Could you write out, exactly as they stand, only the lines in the listing below from the line with "ほうき・ちりとりの使い方や雑" to the line with "在位于乔木乡的智慧笼养蛋鸭项", both ends included, without the pictures?

(Input material begins)

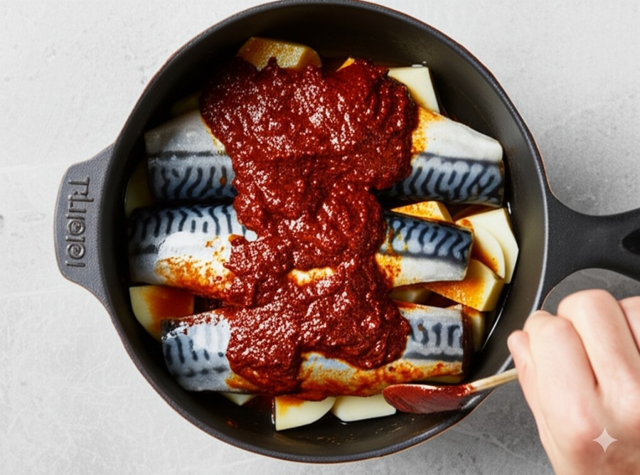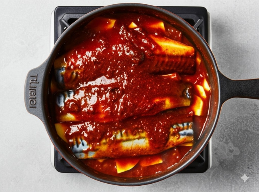 <이미지: 냄비에서 갈치와 무가 양념에 졸여지는 모습>
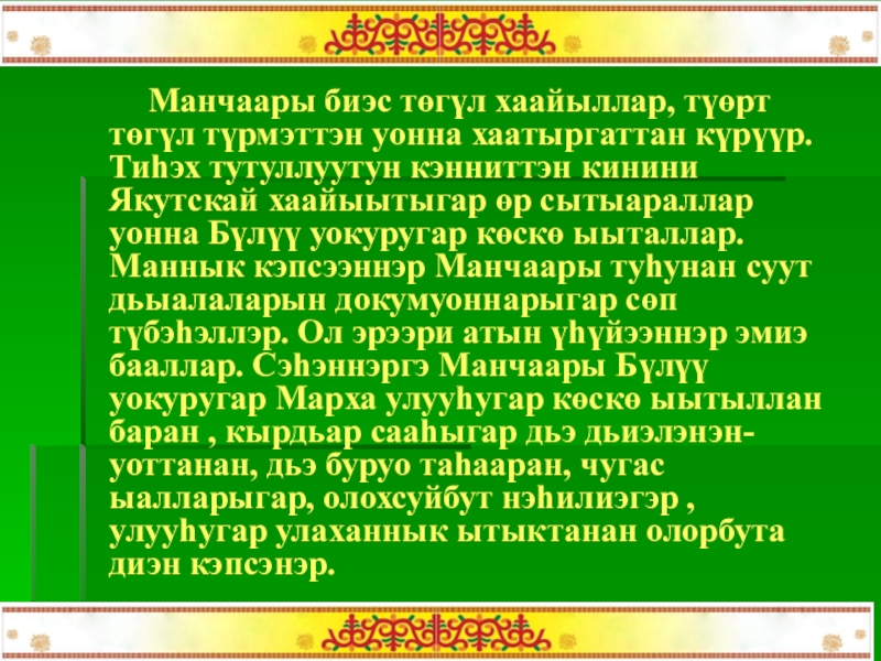 Слайд 6 «Манчаары тас көрүҥэ: уһун соҕус сомоҕо эттээх сирэйдээх, арыы-саһыл хааннаах, эрэһэлээбит
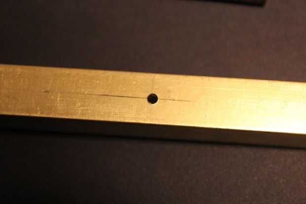 La siguiente tarea fue perforar los agujeros en los lados de cada cuadrado de la pipa donde tubo otro tope contra él.
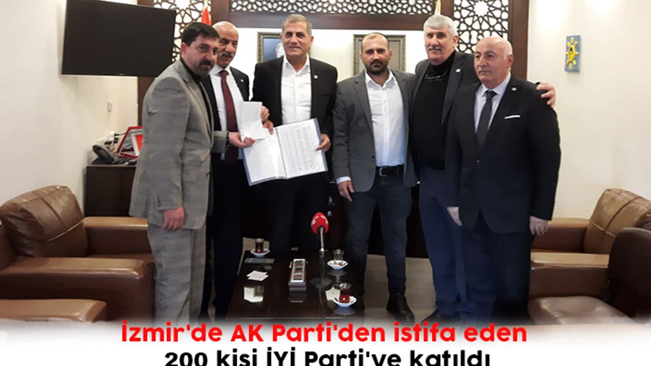 İzmir'de AK Parti'den istifa eden 200 kişi İYİ Parti'ye katıldı. İYİ Parti İzmir il binasında gerçekleşen törene partinin Erzurum İl Başkanı Melih Kırkpınar ve İzmir İl Başkanı Hüsmen Kırkpınar katıldı.
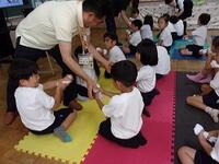 ほうき・ちりとりの使い方や雑巾の絞り方など、実技を交えて楽しく教えていただきました
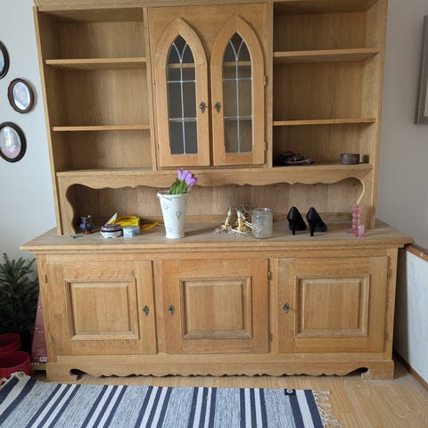 Bra förvaringsmöbel i vardagsrum eller matsal. Har använts länge och har flera skavanker.
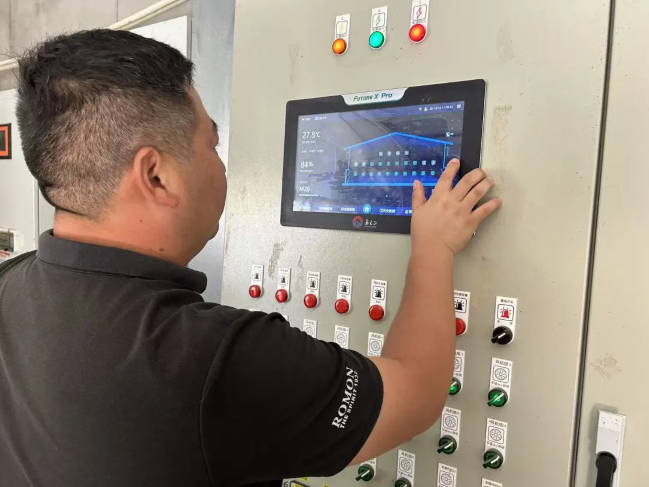 在位于乔木乡的智慧笼养蛋鸭项目现场,传统养殖场景被彻底颠覆。鸭舍入口处的大屏,实时显示并调控着温度、通风、光照等各项参数,如同整个空间的“智慧大脑”。
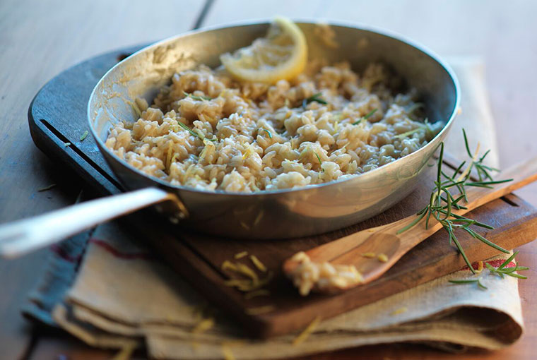 Aparte, rehogar la cebolla y el apio en una sartén a fuego bajo durante 5 minutos con la mitad de la manteca y el Aceite de Oliva Clásico Natura, cuidar que no se doren. Agregar el arroz y revolver hasta que se cubra de aceite y se ponga algo transparente. Agregar un cucharón de caldo y revolver con cuchara de madera constantemente. Cuando se haya consumido agregar más caldo sin dejar de revolver. Continuar agregando caldo cada vez que sea necesario hasta que el arroz esté al dente. Incorporarle la mezcla al limón reservada y la manteca restante, revolver con fuerza hasta que se derrita la manteca y la textura del arroz sea más cremosa y brillante. Espolvorear con el resto del parmesano y servir.
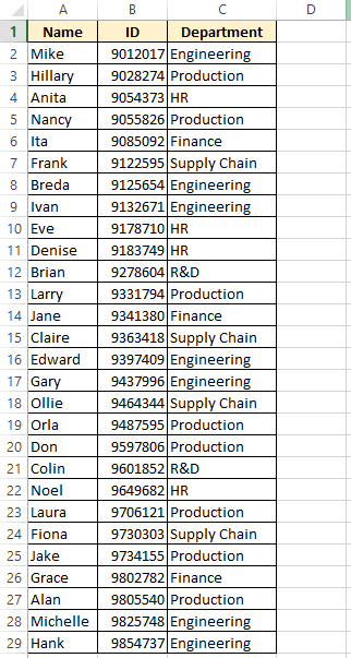 But rather than sorting departments in alphabetical order, we will apply a custom sort to list people in Supply Chain, then HR, then Finance, then R&D and then Engineering.
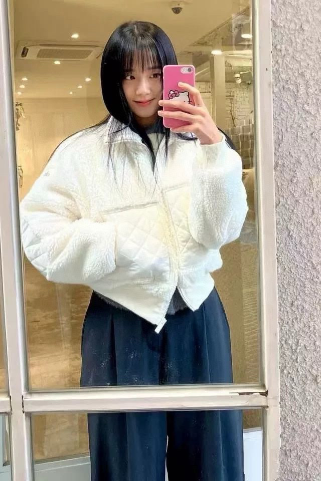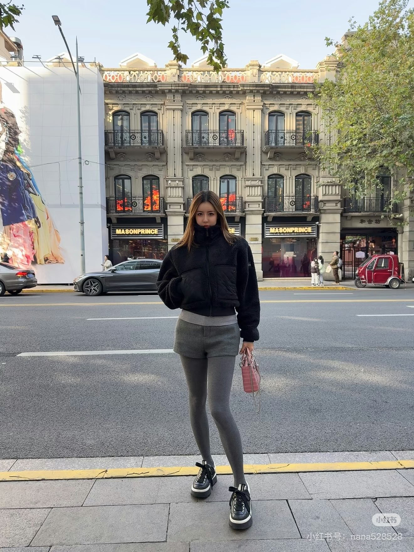 咱们仓库今年11月的开放日那款紫色HH冲锋衣还记得吗?也是小短款,哇塞,这身高比例拉的,那叫一个好看,哇咔咔~
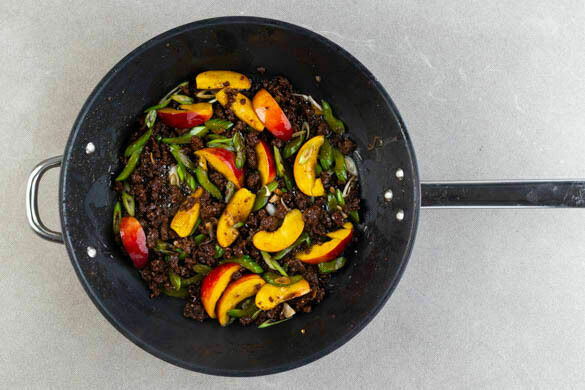 Den Sellerie und den Knoblauch dazugeben und 2–3Min. bei mittlerer Hitze mitbraten. Mit der Teriyakisauce ablöschen und die Nektarinenscheiben sowie die 1/2 der Lauchzwiebeln untermengen. Mit Salz und Pfeffer abschmecken.
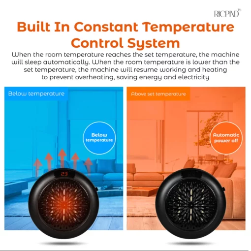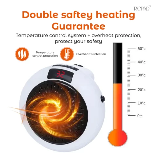 Effortlessly warm up any space with the RICPIND Pro900 Portable Wall Outlet Heater. Plugging in at 900 watts, its innovative PTC technology optimizes energy use for cost-effective heating, delivering comfort without excessive power consumption. Compact, portable, and smartly designed to fit any outlet – your go-to solution for efficient, cozy warmth!
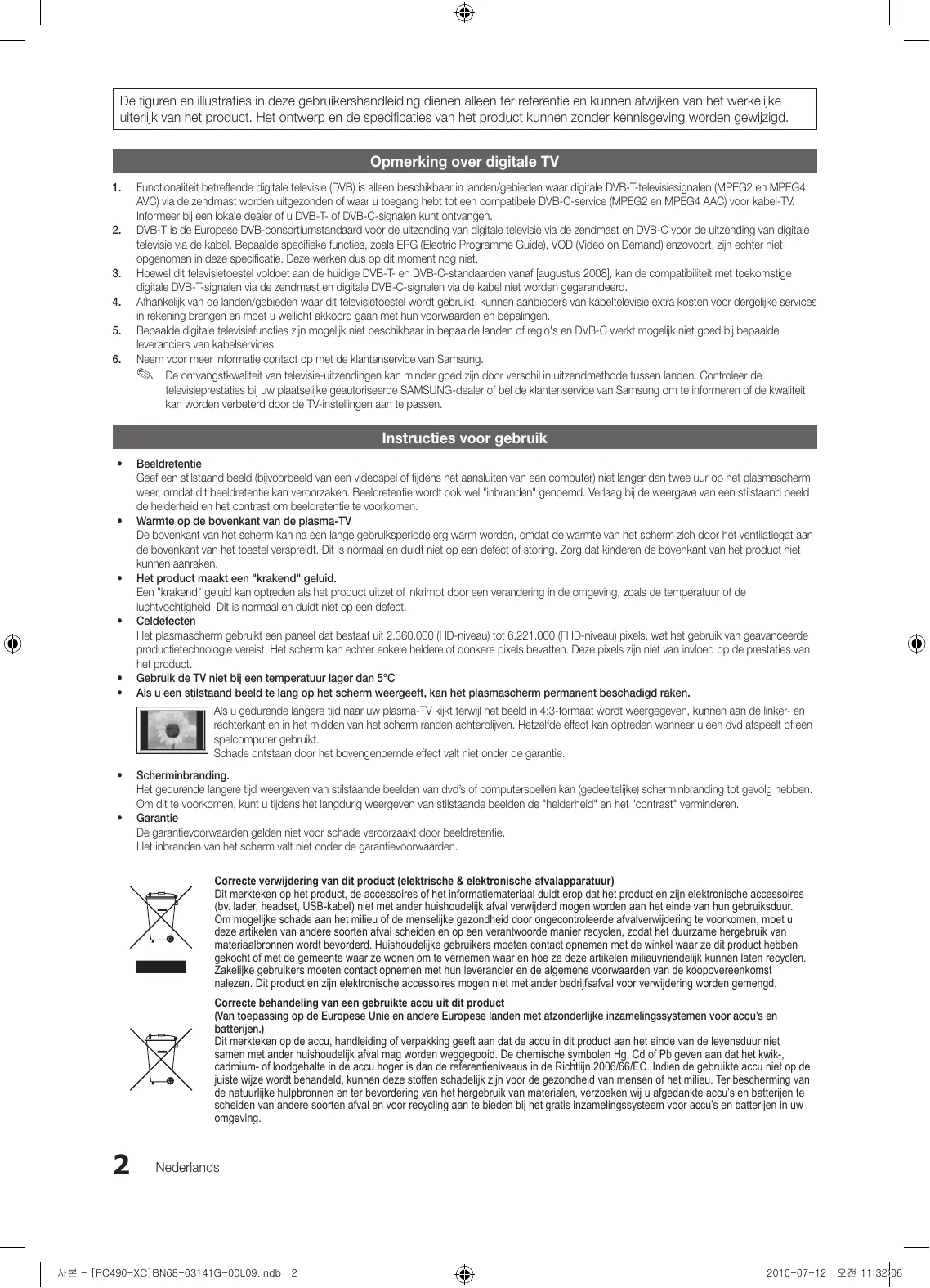 2010-07-12 오전 11:32:04 De figuren en illustraties in deze gebruikershandleiding dienen alleen ter referentie en kunnen afwijken van het werkelijke uiterlijk van het product. Het ontwerp en de specificaties van het product kunnen zonder kennisgeving worden gewijzigd. Opmerking over digitale TV
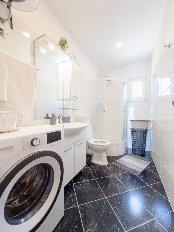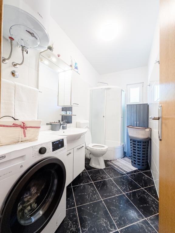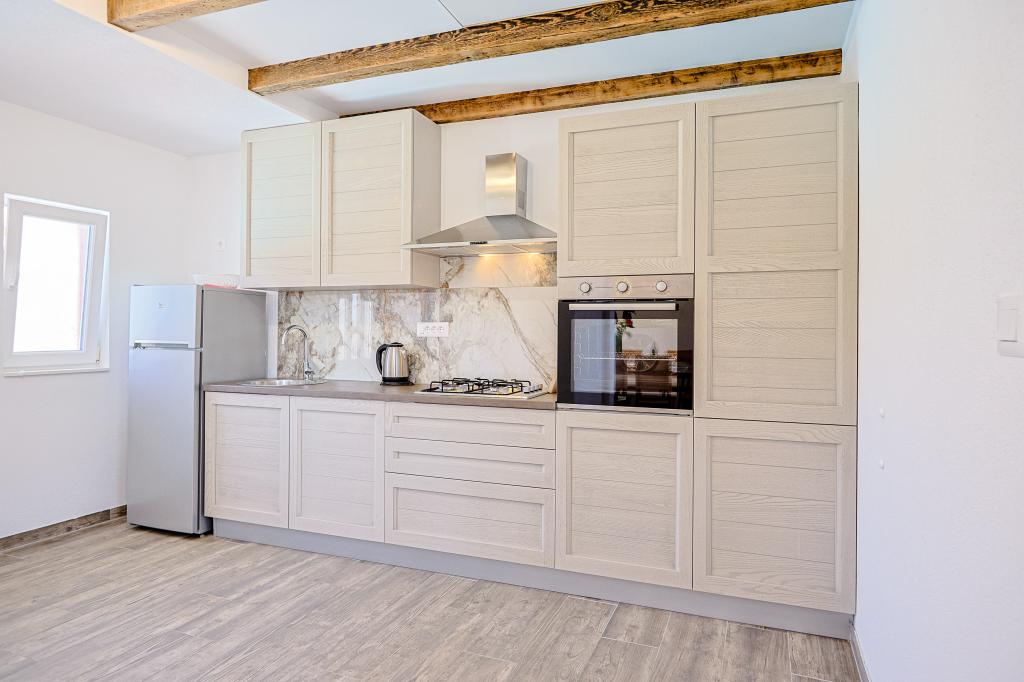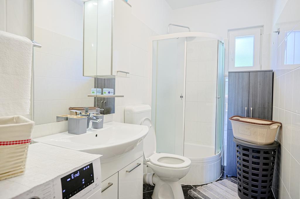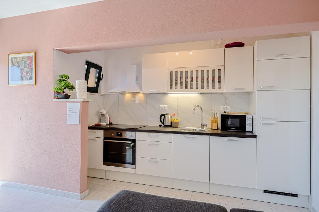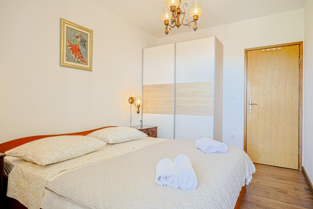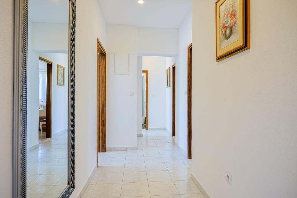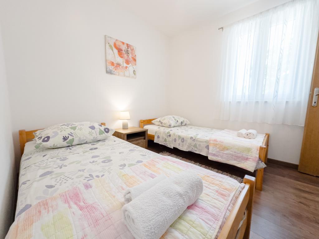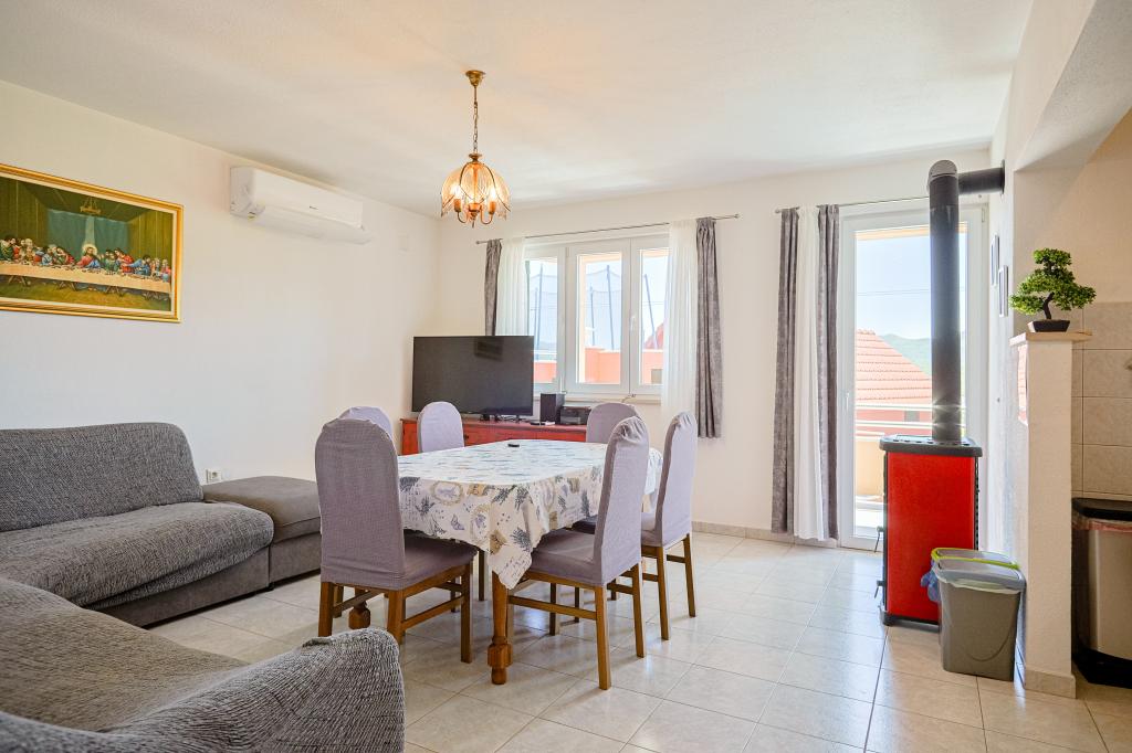 A tágas nyaraló 12 fő részére nyújt teljes élményt és kikapcsolódást. Tágas kert fűtött 7x4 méteres úszómedencével, víz- és légmasszázzsal a szórakozás és a kikapcsolódás érdekében. A medence mellett található a nyári konyha étkezővel és fürdőszobával, melyhez szabadtéri grillező is tartozik. Minden apartmanban 3 hálószoba, 2 fürdőszoba, teljesen felszerelt konyha, tágas nappali okostévével, valamint a medencére és a Biokovo-hegyre néző erkély található. Az ajánlat tartalmaz egy trambulint a legkisebbeknek, egy fedett grillezőt, 5 parkolóhelyet és egy nagy teraszt. Ennek az ingatlannak az egyedisége abban rejlik, hogy a ház egy félreeső helyen található, így biztos lehet benne, hogy teljes magánéletben lesz része. A ház elhelyezkedése kiváló, mert 25 perc autóútra van az Adriai-tengertől, 10 percnyire üzletek, kávézók, éttermek. Makarska, Imotski, Split, Omiš, Međugorje, Makarska és más vonzó helyek kevesebb, mint 20 perc-1 óra autóútra találhatók tőlünk. Az autópálya bejárata 9 km-re található.

(Input material ends)

### Worked solution
 ほうき・ちりとりの使い方や雑巾の絞り方など、実技を交えて楽しく教えていただきました
 Bra förvaringsmöbel i vardagsrum eller matsal. Har använts länge och har flera skavanker.
 在位于乔木乡的智慧笼养蛋鸭项目现场,传统养殖场景被彻底颠覆。鸭舍入口处的大屏,实时显示并调控着温度、通风、光照等各项参数,如同整个空间的“智慧大脑”。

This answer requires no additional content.